Enfin, pour que l’Onu reprenne complètement la main sur la résolution de cette crise, il serait nécessaire de définir un nouveau mandat, sur la base des conclusions de cette conférence régionale, axé sur les conditions de la reconstruction et du développement de ce pays.

Ayons maintenant l’ambition de créer un nouveau cadre multilatéral pour résoudre ce conflit.

Même si elles sont présentées sous un jour nouveau, ne suivons pas les démarches anciennes qui ont échoué.

Au lieu de s’engager aussi rapidement dans une coopération incertaine, et qui risque d’être inefficace au regard des objectifs généreux fixés dans ce texte, n’aurait-il pas été préférable d’être plus exigeant en matière de gouvernance, et pourquoi pas d’en renégocier certains aspects dans ce sens ?

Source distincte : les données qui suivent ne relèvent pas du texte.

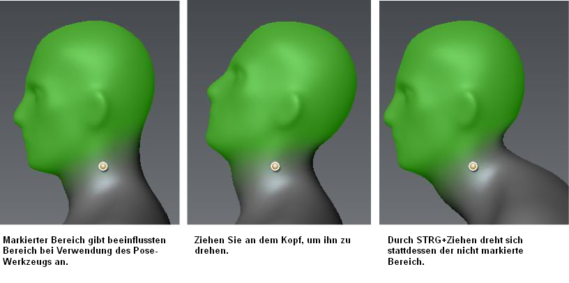 Mit dem Pose-Werkzeug drehen, verschieben oder skalieren Sie die Bereiche eines Modells, die mit einem Gelenk verknüpft sind. Alle Bereiche, für die Gewichtungsfarbe bei Auswahl des Gelenks angezeigt wird, werden beeinflusst. Die Sättigung des grünen gewichteten Bereichs gibt an, wie stark er durch das Gelenk beeinflusst wird. Sie können den Einflussbereich für ein Gelenk mit dem Werkzeug Gelenkgewichte anpassen (siehe Anpassen des Einflussbereichs an einem Gelenk).

Ceci étant, malgré toutes nos réserves et toutes les insuffisances de ce traité, nous voulons donner une chance à la paix et nous ne nous y opposerons pas.

Nous ne souhaitons pas jouer les Cassandre ni avoir une attitude négative. Nous voulons simplement attirer l’attention sur certains aspects négatifs et être vigilants sur les risques que comporte ce texte.

En conséquence, le groupe CRC s’abstiendra sur ce projet de loi de ratification d’un traité entre la France et l’Afghanistan.